Ботинок вгрызся в ногу. Кровь, отчеканивая незамысловатый ритм, закапала на пол.
— Оставь его, — Седой тряс Паршивца за плечи. — Оставь, мы своих не трогаем. Оставь.
Ботинок взвыл, зажал руками раны и в ужасе пополз к противоположной стене. Первым пришёл в себя Хмурый. Разорвав штанину, помог перевязать ногу.
— Получил своё, Дебил? — Хмурый ровно наматывал лохмотья на ногу.
— Сам ты дебил, — нашёл в себе силы огрызаться Ботинок. — Но как?
— Так уж ты его достал, — заржал Беззубый.
— Мы же только вчера все были на тесте, — ужас все ещё повизгивал в голосе раненого.
— Так и были, что один псих башку себе в мясо размолотил.
— В пятой? Ты был в пятой? Долбаный Паршивец, это ты был в пятой? Помогите!!! — заорал Ботинок, пополз к двери, оставляя за собой кровавый след.
Хмурый заткнул ему рот, заломил руки за спину.
— Ну хватит. Вы уже разобрались. Он тебя не тронет. Здесь все свои. Не тронет? — обратился к Паршивцу.
— Только пусть заткнется.
— Но как? Ведь тест, — тихо поскуливал оттащенный в угол Ботинок.
— А вот так, — ответил Седой, — ни один тест не найдёт того, о чем не спросишь.
Паршивцу удалось подняться на ноги. Разум пытался вернуть контроль над телом, но что-то изменилось. В отличие от ставшего рутинным тяжелого пробуждения, в этот раз К987-4 все ещё не мог провести четкую границу между сном и реальностью. Перед глазами плыло. Суровые лица мужчин в пустой белой комнате сменяли картинки залитых солнцем раскалённых улиц сна.
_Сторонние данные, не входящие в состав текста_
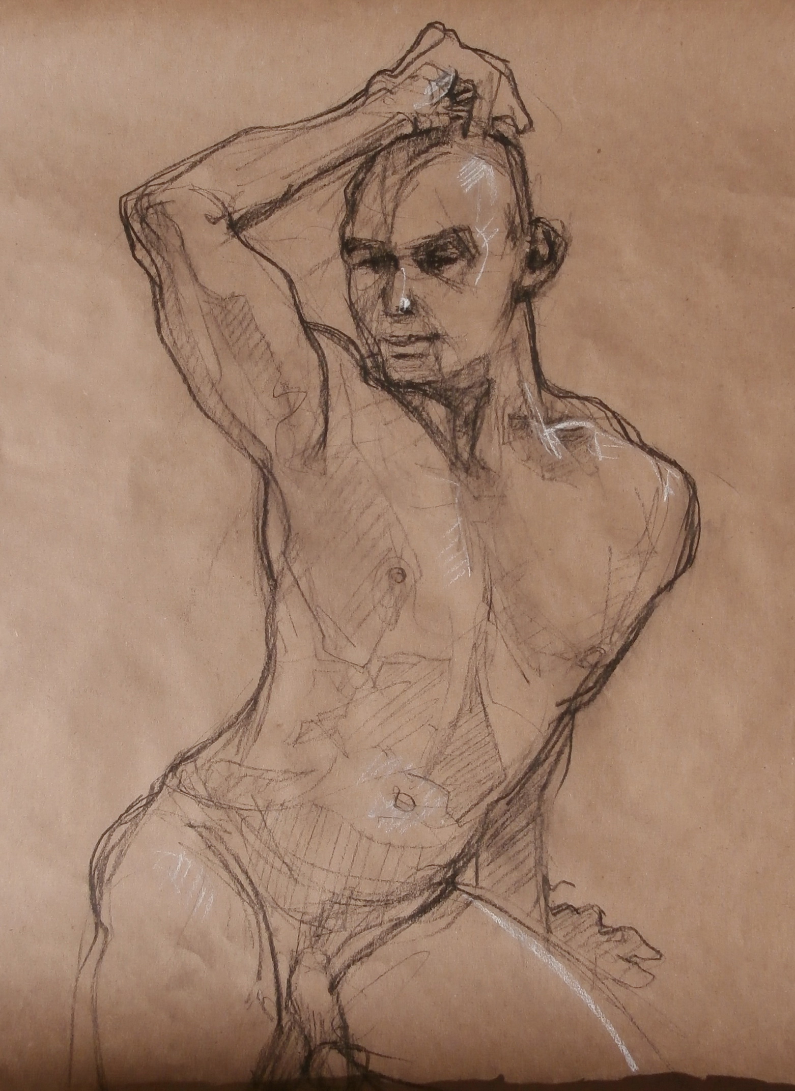 Charcoal on brown craft paper 25 minutes
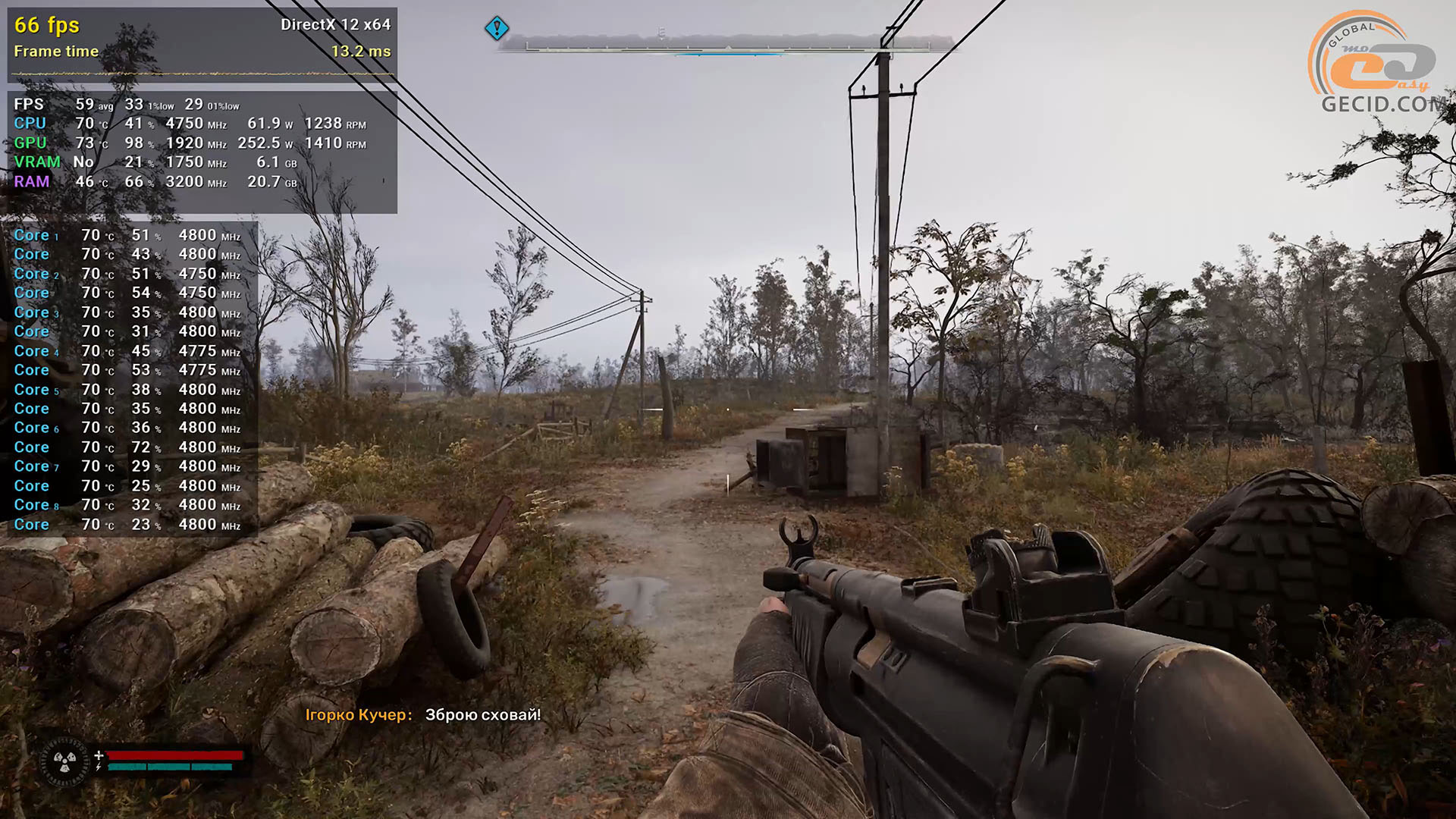 Важку S.T.A.L.K.E.R. 2: Серце Чорнобиля завжди хочеться запустити на якомога вищих налаштуваннях, тому в нашому випадку кращим поєднанням стає мікс високого пресету графіки та збалансованого режиму DLSS. На жаль, інколи приходиться миритися із помітними просіданнями FPS у локаціях з великою кількістю NPC. Проте у Full HD ситуація повинна бути помітно кращою.
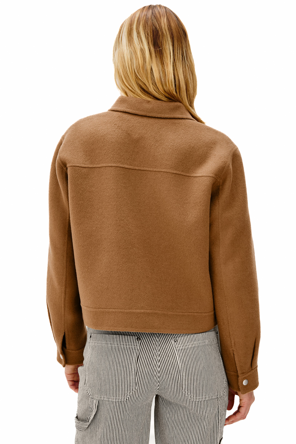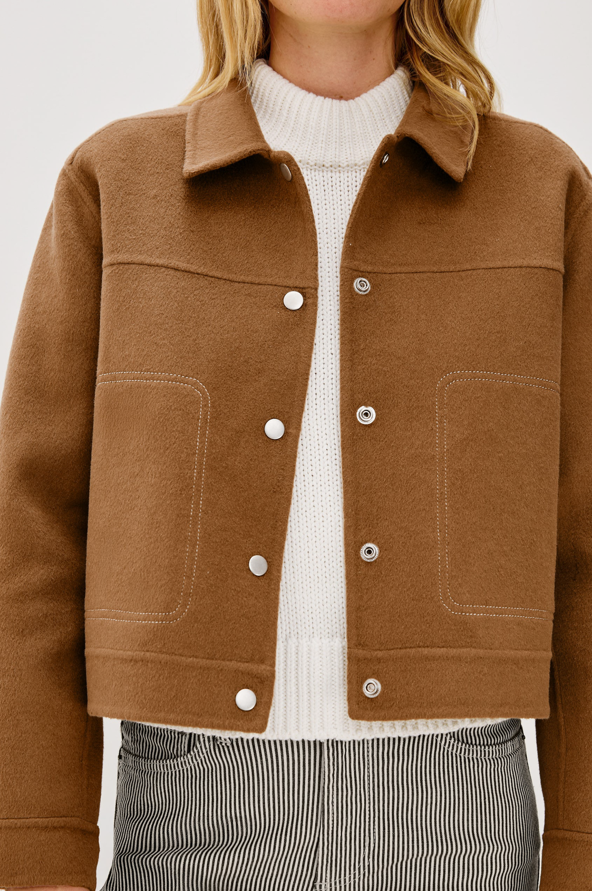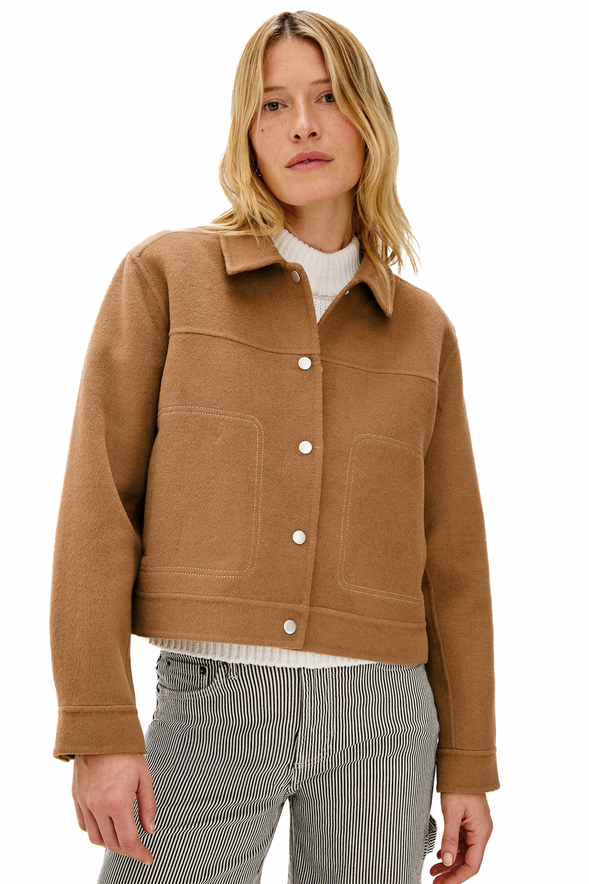 The Mountain Jacket is made from a heavy wool blend with a boxy fit and exposed stitching. Yoke details and structured lines lend it an adventurous feel.
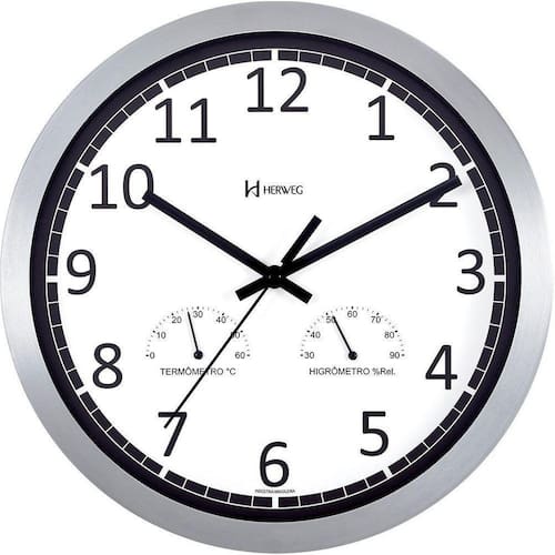 Relógio Parede Herweg alumínio com termômetro e higrômetro Características do produto -moldura em alumínio escovado -fundo: Branco -vidro: Mineral -funções: Termômetro e Higrômetro analógicos -diâmetro: 30,5 cm -peso aproximado: 1000g -garantia Herweg: 1 ano

Солнечный свет улицы заставлял жмуриться — яркое холодное освещение помещения, усиленное белизной стен, резало глаза. Голоса Хмурого, Беззубого и Седого плавно переходили в гомон толпы и визг собак, а затем возвращались снова.
— Ты как? — спросил Седой.
— Я должен убить проклятую тварь, — глядя сквозь старшего, ответил Паршивец.
— Какую тварь?
— Там, — К987-4 указал на лифт, видя перед собой ржавые решетчатые ворота внутреннего города. — Карлик.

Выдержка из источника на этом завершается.